─── Record excerpts ───

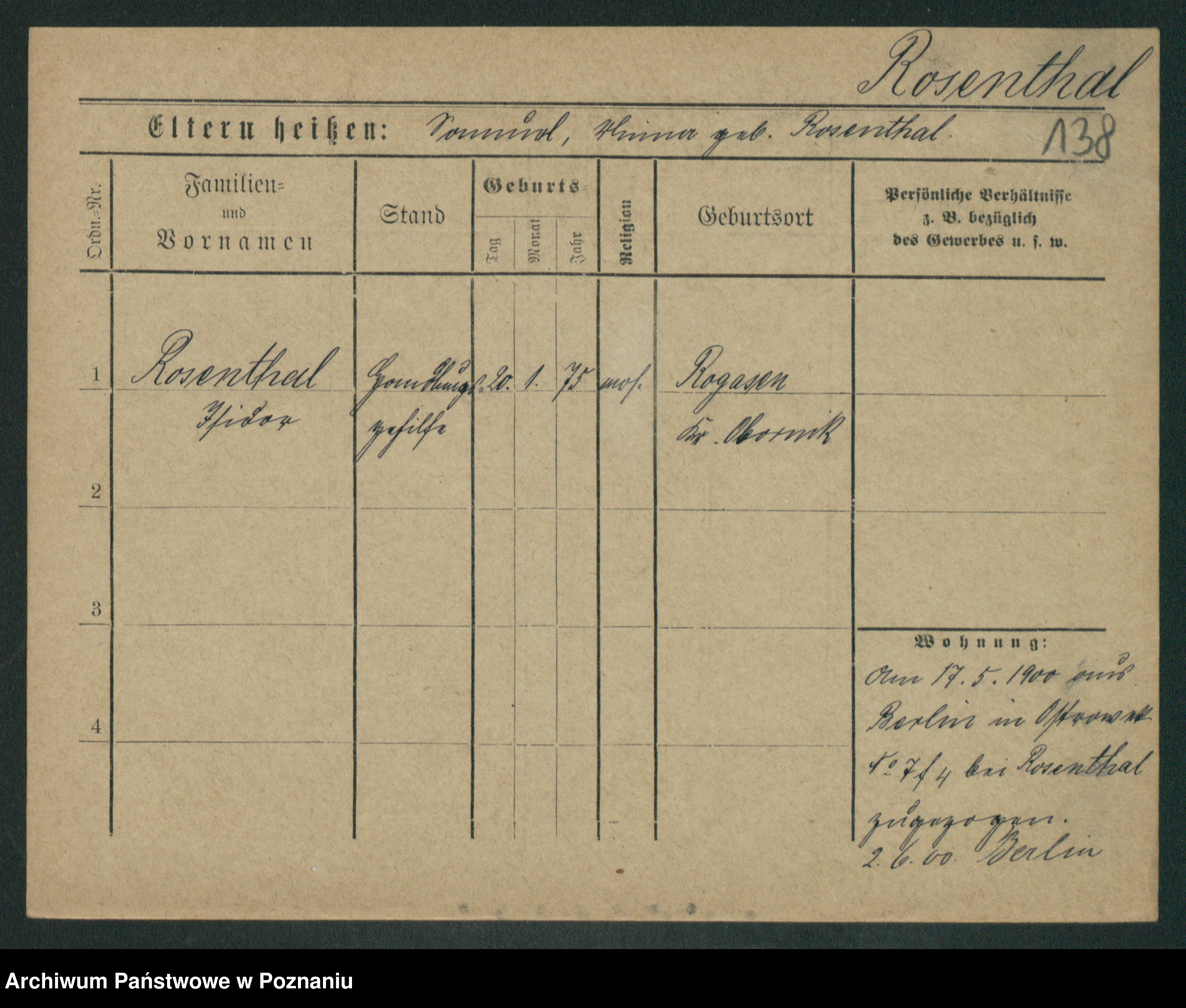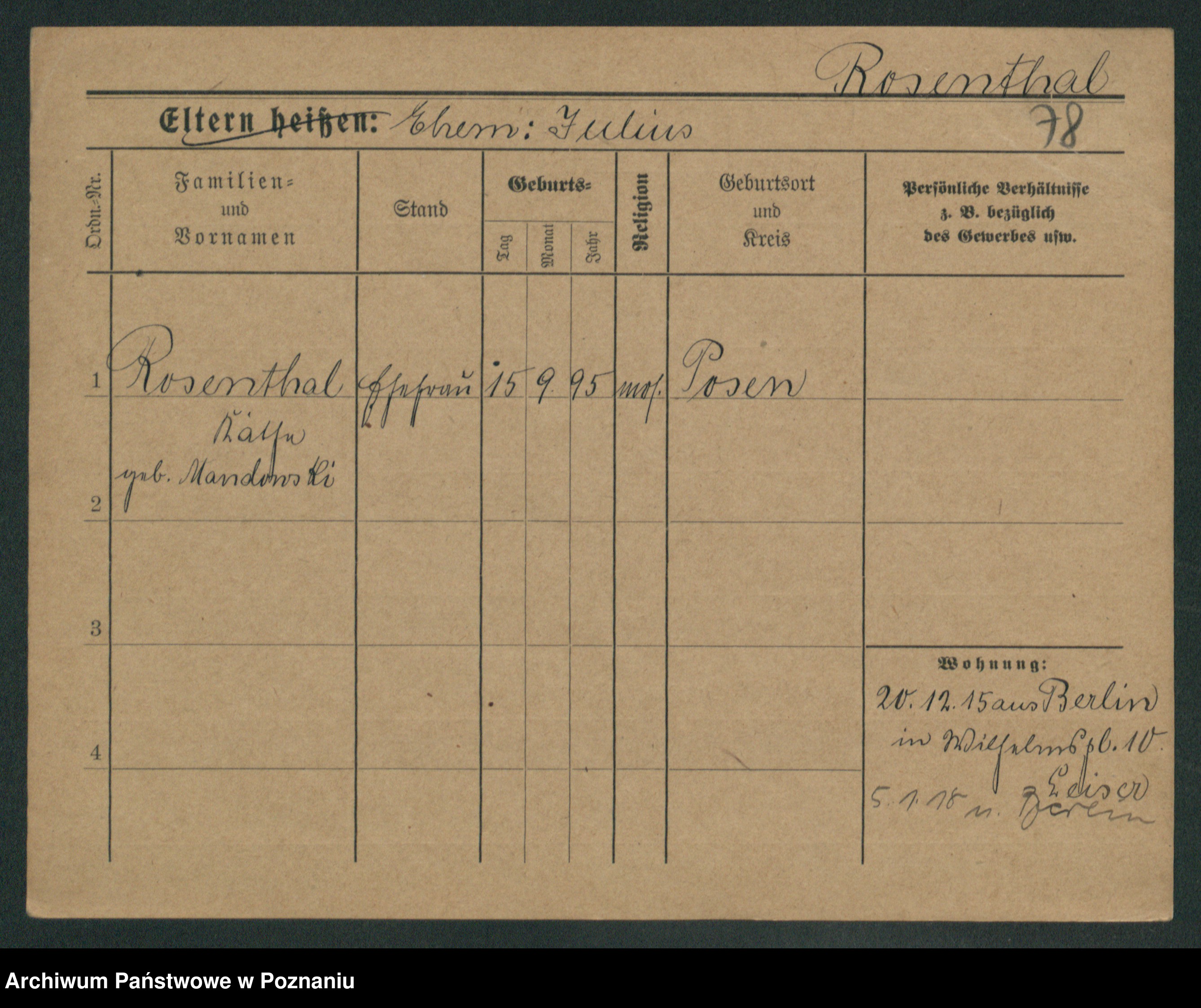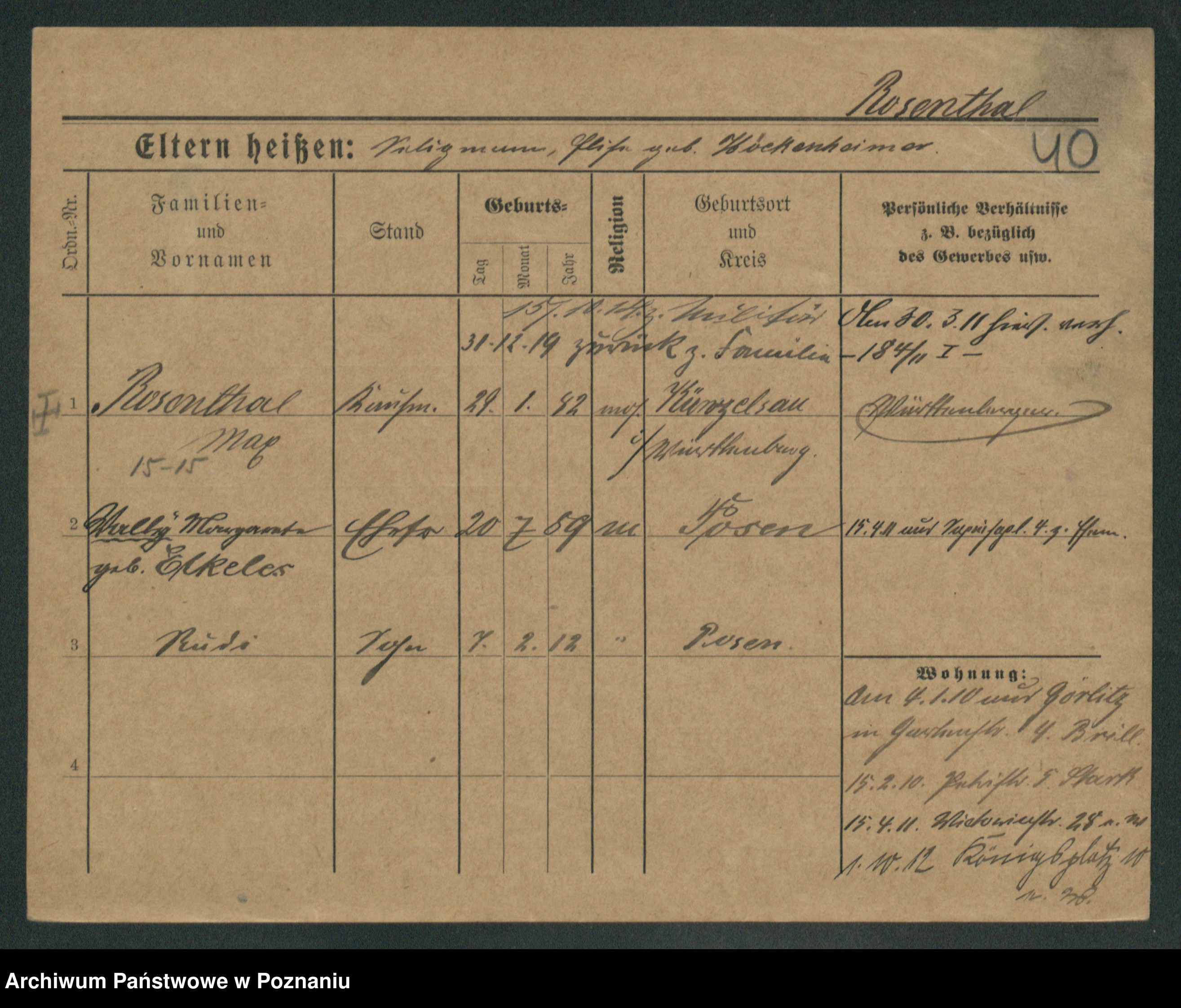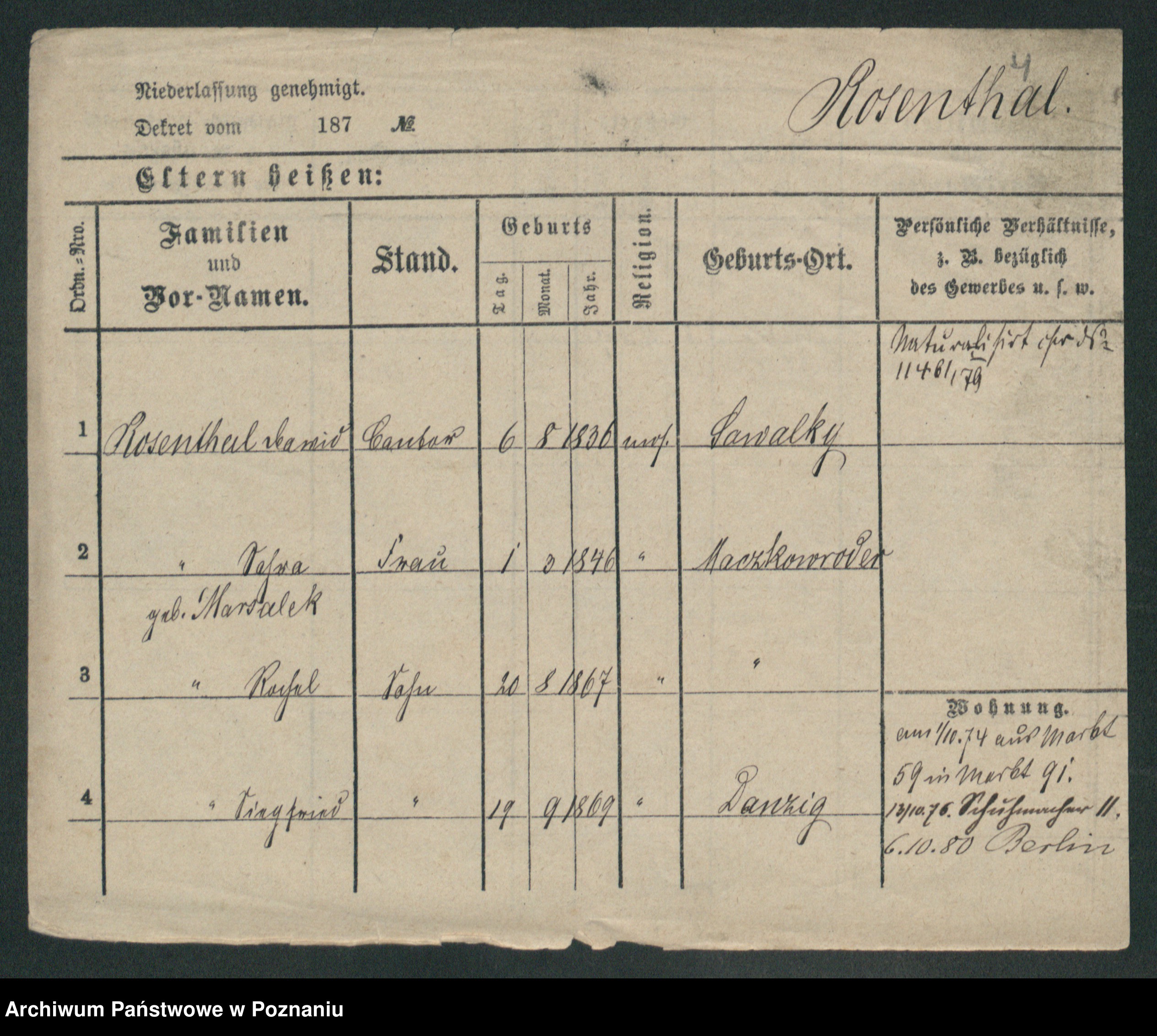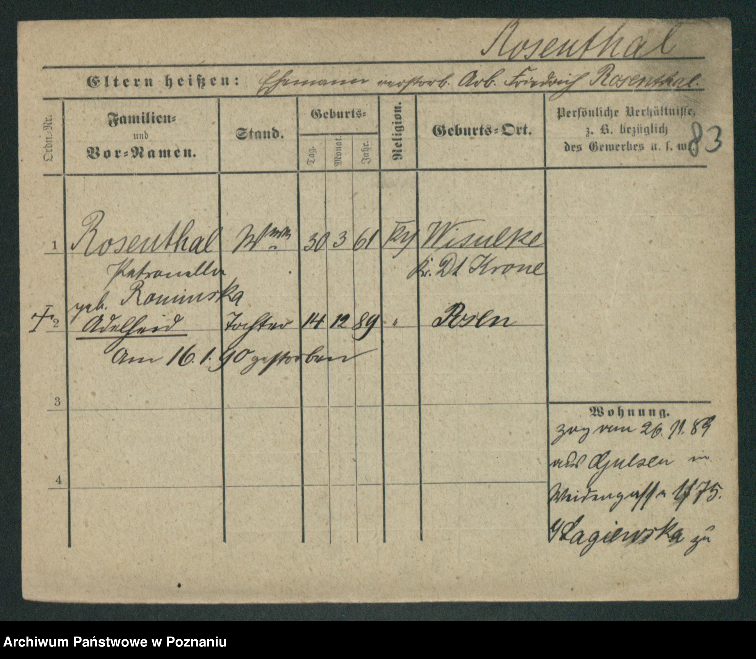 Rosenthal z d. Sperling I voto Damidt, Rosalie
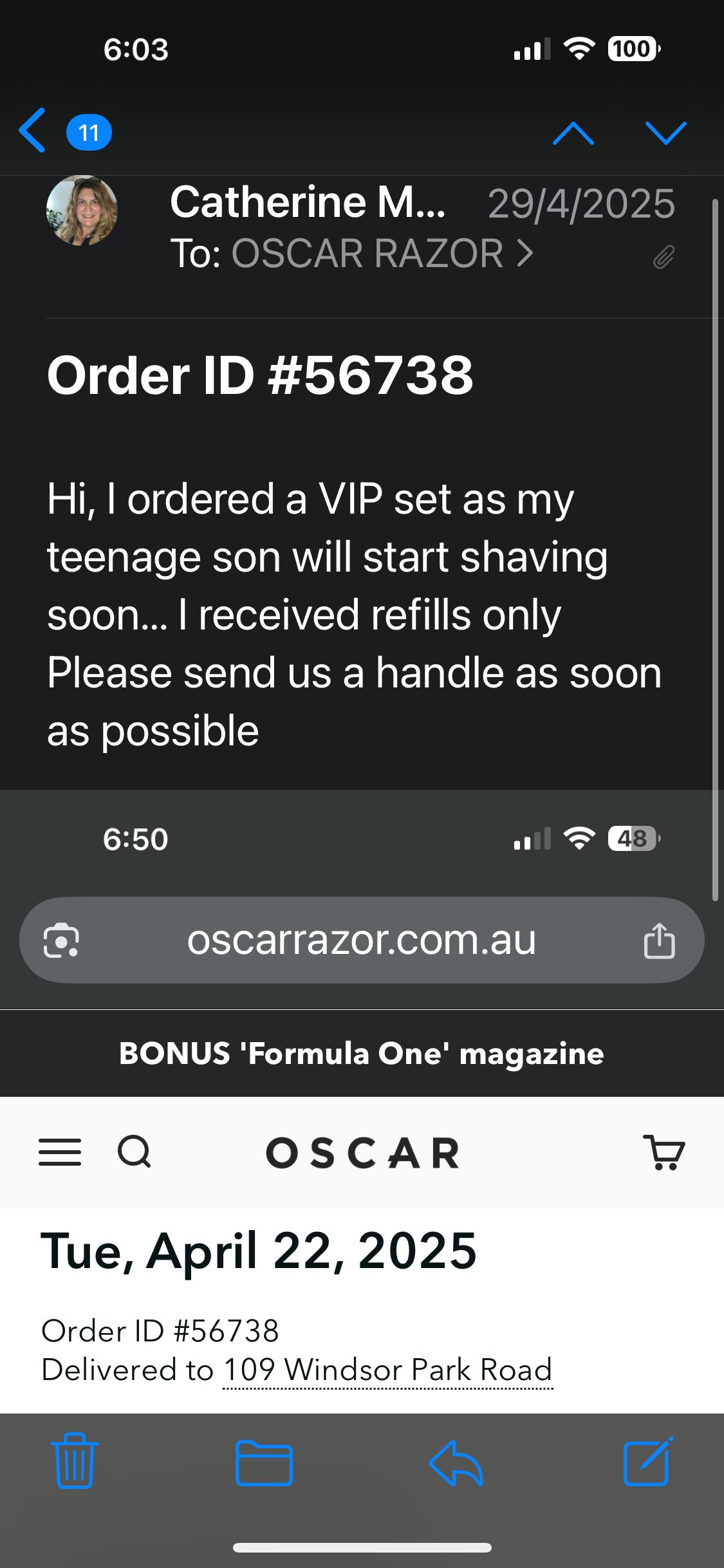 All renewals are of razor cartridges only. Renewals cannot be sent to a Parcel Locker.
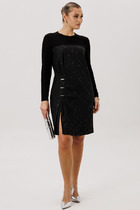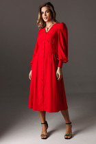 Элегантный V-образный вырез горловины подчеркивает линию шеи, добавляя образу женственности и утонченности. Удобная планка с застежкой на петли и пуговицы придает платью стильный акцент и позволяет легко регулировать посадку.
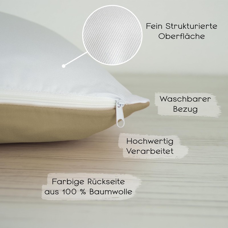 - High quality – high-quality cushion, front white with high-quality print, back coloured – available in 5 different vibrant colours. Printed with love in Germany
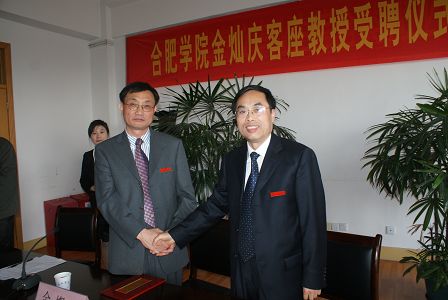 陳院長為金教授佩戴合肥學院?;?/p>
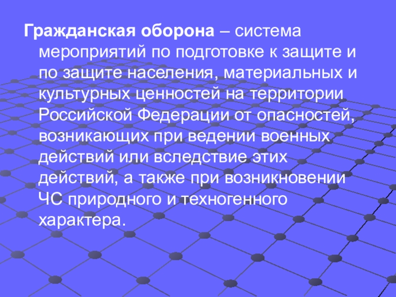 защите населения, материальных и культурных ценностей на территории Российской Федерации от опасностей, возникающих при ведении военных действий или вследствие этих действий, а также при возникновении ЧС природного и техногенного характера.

───

Exercise directions
Although the records contain pictures, your copy should hold only the text, reproduced exactly.

Exercise response
 Rosenthal z d. Sperling I voto Damidt, Rosalie
 All renewals are of razor cartridges only. Renewals cannot be sent to a Parcel Locker.
 Элегантный V-образный вырез горловины подчеркивает линию шеи, добавляя образу женственности и утонченности. Удобная планка с застежкой на петли и пуговицы придает платью стильный акцент и позволяет легко регулировать посадку.
 - High quality – high-quality cushion, front white with high-quality print, back coloured – available in 5 different vibrant colours. Printed with love in Germany
 陳院長為金教授佩戴合肥學院?;?/p>
 защите населения, материальных и культурных ценностей на территории Российской Федерации от опасностей, возникающих при ведении военных действий или вследствие этих действий, а также при возникновении ЧС природного и техногенного характера.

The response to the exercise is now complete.